Here is an island where the great food is a reason to visit in itself. At 16 miles long and three miles wide, Anguilla has more than 100 restaurants, many among the best in the Caribbean. My tip: hire a car and work your way round as many as you can.

Our base for the week is Meads Bay, a crescent of golden perfection that plays host to two of the island's most stylish hotels. At one end is what was until recently The Viceroy, and now under the Four Seasons banner - and still a benchmark for slick service.

After a day spent exploring the island on a pair of hotel bikes, we head to the spectacular bar where a chilled reggae soundtrack is the backdrop for a chance encounter with the island's young British Attorney General and its recently appointed police chief, formerly a chief superintendent from Sussex. 

'So how do you land plum postings like this?' I ask, over a passion fruit and chilli margarita. Their life, they claim, is not quite the mixture of idyll and intrigue of TV's Death In Paradise, but as the sun dissolves into the ocean, it must beat a post-work pint in the Dog & Duck.

At the other end of Meads Bay lies the Malliouhana, an intimate 44-bedroom hotel perched on its own headland. If the Viceroy/Four Seasons is a symphony in muted Armani greys and neutrals, then the Malliouhana is a celebration of colour, with Hermes orange and Tiffany pale blue to the fore.

For those of a nautical bent, there's a treat in store. The Tradition is one of the last seaworthy wooden trading sloops that were once the juggernauts of these waters, shipping rum, tobacco and spices between the islands, not always with full regard to the customs office, but don't tell the Attorney General.

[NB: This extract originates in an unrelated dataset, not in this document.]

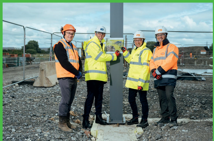
Members of Carmarthenshire County Council joined the Bouygues UK team to celebrate the commencement of the superstructure steel, a key milestone.

Habitat enhancement to edge of Dafen lake (October 2023 – March 2024)

Laurie Gumbs at the helm of The Tradition, one of the last wooden trading stoops



Now restored and taken on by local bar owner and master yachtsman Laurie Gumbs, she takes day trippers to hidden coves and islands. With neither winches nor windlasses to help haul the canvas up, this is big-boat sailing in the raw. 'Wanna take the helm?' offers Laurie, passing me a tiller the size of a fallen oak.

Tucking it under my armpit, we yaw against the wind as the surf froths at the gunwales and the rest of our passengers look on with alarm at their novice helmsman. Scurvy lot.

Next morning, we drive to the far north of Anguilla where we find a winding track to remote Junks Hole. Here, local legend and grandfather Nat Richardson serves up grilled crayfish and johnny cakes, a sort of savoury doughnut with a slather of hot pepper sauce made to a secret family recipe.

Judging by the nuclear reaction it provokes after one bite, I'm guessing it includes a generous dollop of enriched uranium.

We buy a bottle to take home, and as the winter chill descends in Britain, it comes out every now and then to bring back those warming Anguillan memories — a reminder that this is an island that packs a whole heap of good taste into a very small package.